A private utility locator told me once that they can fish a wire in the pipe and trace it that way. Maybe call a local guy to see if they can do it.

https://www.google.com/search?q=private+utility+locating+near+me


----------



## Rig2 (Sep 3, 2018)

At my job we dig a lot on old properties. We always get the 811 cleared and check with land and home owner. But we always do what we call "witch" the path. It's just two 24 inch brazing rods that are bent at a 90* degree at the last 6 inches. Hold it in your hands just enough right to where they can't freely swing but loose enough to to slightly move. Then walk the yard where you think the line might be and the rods will cross when you get above the line. The rods usually cross over disturbed soil, which is usually where an unknown line is. You look dumb doing it, like bugs bunny in the desert looking for water. But we have found many unknown and unmarked lines this way. Not sure what the technical term is but the old man who taught/showed me called it "witching". If you can't find or have brazing rod, welding rod or an old coat hangers straightened out have worked in a pinch.


----------



## Rig2 (Sep 3, 2018)

@sportster I just looked up witching water lines on google and a bunch of information and YouTube videos came up. I never really researched it, just learned itoff the knowledge of the old man.


----------



## JML (Jul 26, 2021)

I guess I don't understand the issue. You terminated the line, so should have an idea of roughly where you cut. Or go to the last remaining head on that valve line and locate/branch from there.
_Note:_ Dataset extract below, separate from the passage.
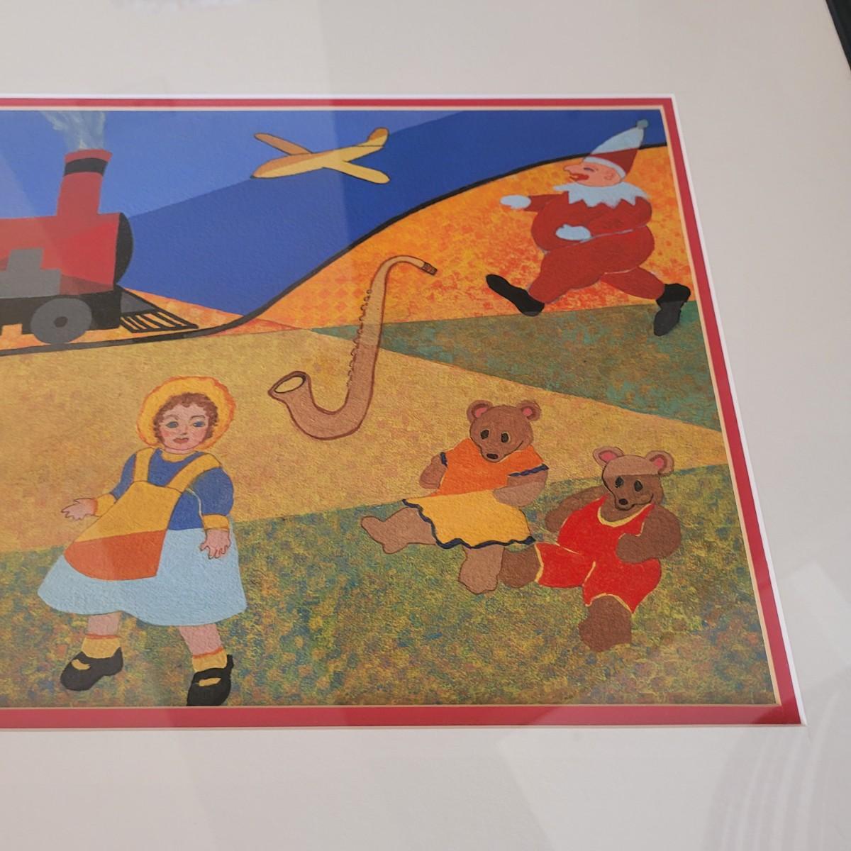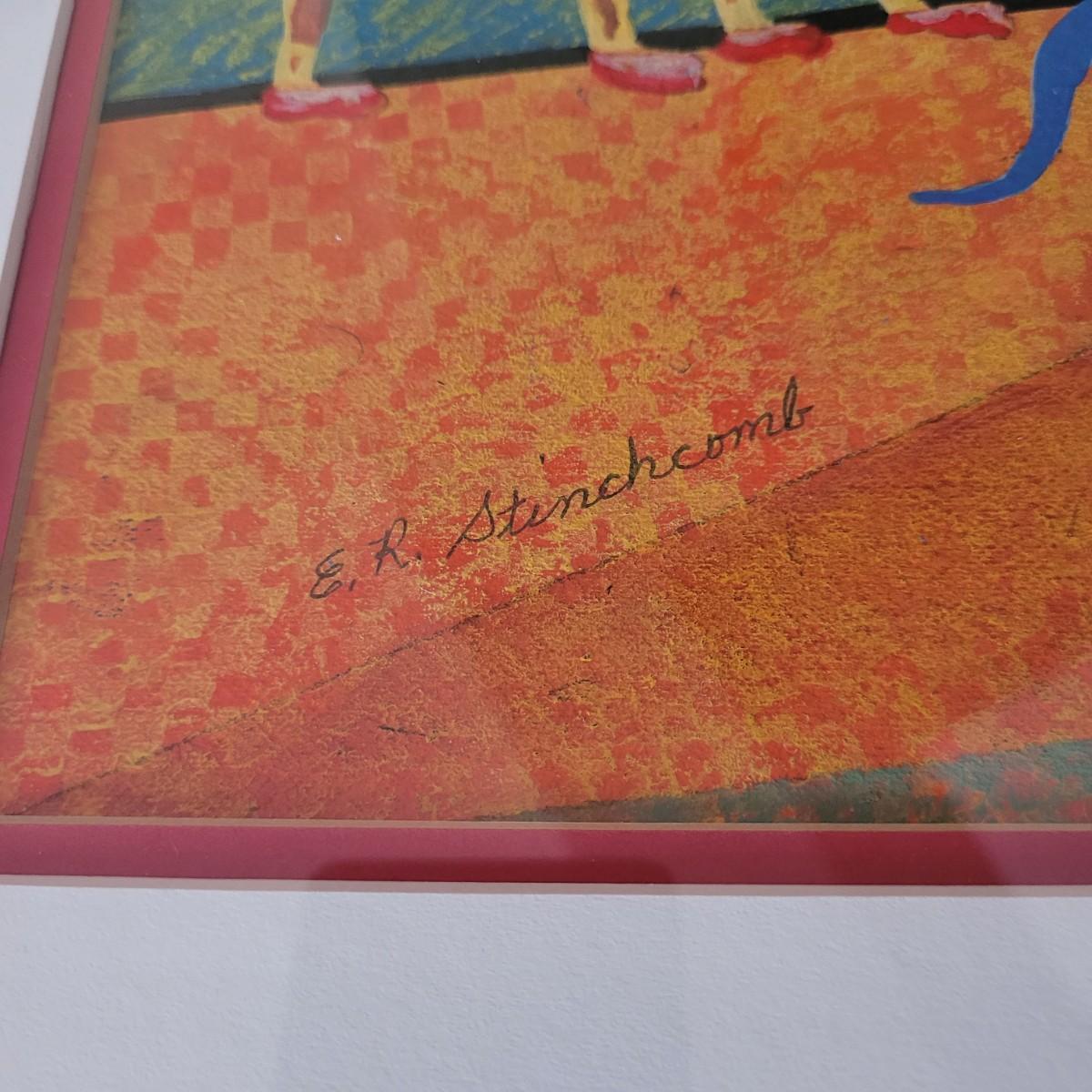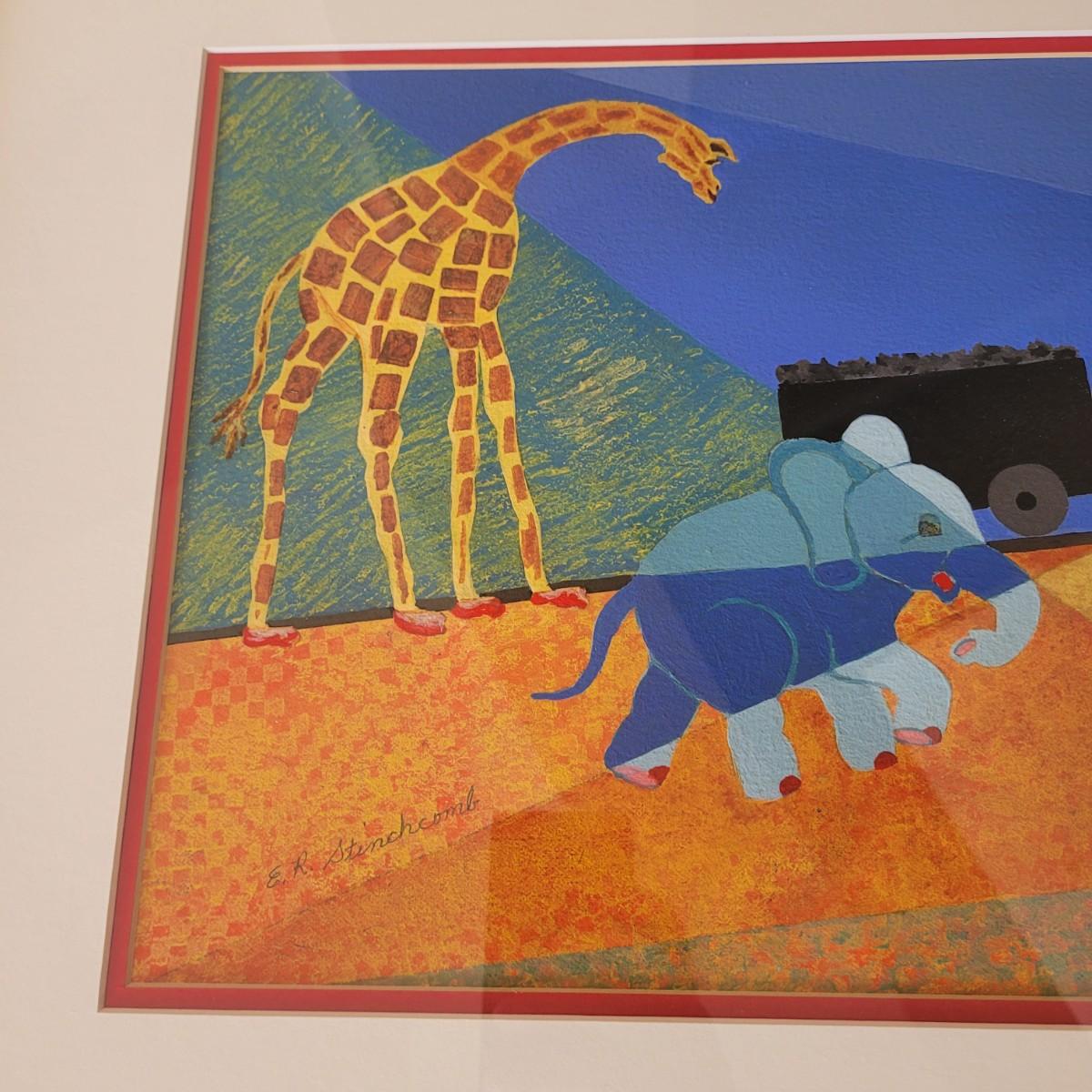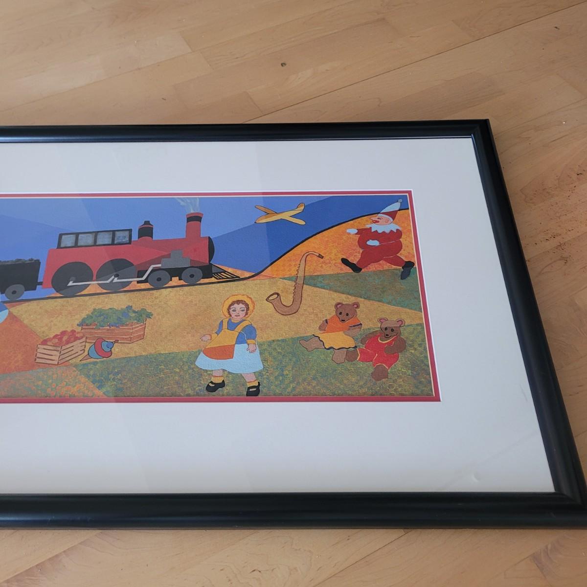 This lot includes an original piece by artist E.R. Stinchcomb. It appears to be mixed media (likely paint, pencil, and pastel). It depicts a train, a little girl, a clown, and various animals with a blue and green background. It is signed in the bottom left corner. The frame measures 38" x 22"H and is behind plexiglass.

Rig22 mentioned 811 and it can vary by state what they'll do. In WA they won't set foot on your property; they mark city owned land only. So essentially they spray a single dot right where the sidewalk meets grass.


----------



## BBLOCK (Jun 8, 2020)

metal coat hangers and witch it. some ppl can do it and some can't. i can find anything buried in the ground with just two coat hangers cut and held between my hands.

showed my irrigation guy when he came to install, he had no clue, for 20 some odd years he could of been using the trick lol


----------



## sportster (9 mo ago)

The PVC line was pulled up when they cut into my hill to make a road for the concrete truck to get around back. The path was about 10' wide and since the pvc was sticking out it was cut off on the other side of the road which is why I don't know exactly where it is.

They are no electrical lines going to that run as the valve was behind that point. I don't think 811 can find PVC but maybe i'm wrong? Same thing for the witching, can that be done on a pvc line with no water in it?

It might be simpler to just run a new line.


----------